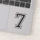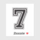 Número siete pegatina. Letra de la escuela de deportes en negro. El alfabeto completo y los números 0-9 están disponibles.
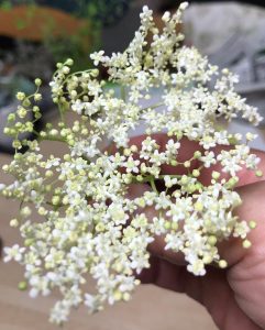 エルダーフラワーにはデトックス効果、リラックス効果、風邪やインフルエンザ、花粉症などのアレルギ―などの症状を緩和すると聞いている。
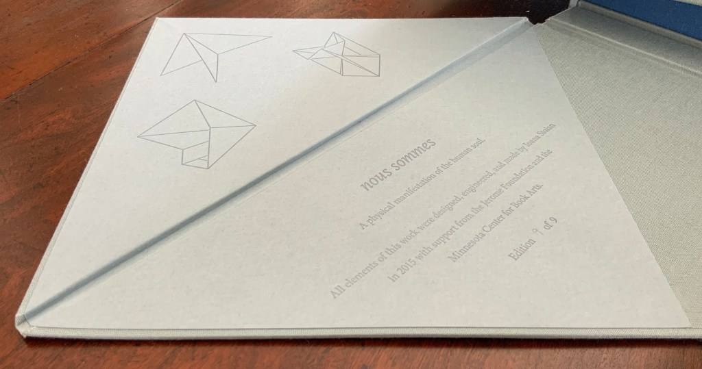 “Nous sommes”, the French for “we are”. But who is “we” here? Opening the first two flaps inside the blue-grey Solander box, I see that my first question should have been: What is Nous Sommes? The answer on the title page: “A physical manifestation of the human soul”. So, a book or sculpture then.

════════════════

:: Task directions ::
Please, without any of the pictures, set down exactly the lines from the beginning of the listing to the line that contains "エルダーフラワーにはデトック", inclusive.

:: Expected answer ::
 Número siete pegatina. Letra de la escuela de deportes en negro. El alfabeto completo y los números 0-9 están disponibles.
 エルダーフラワーにはデトックス効果、リラックス効果、風邪やインフルエンザ、花粉症などのアレルギ―などの症状を緩和すると聞いている。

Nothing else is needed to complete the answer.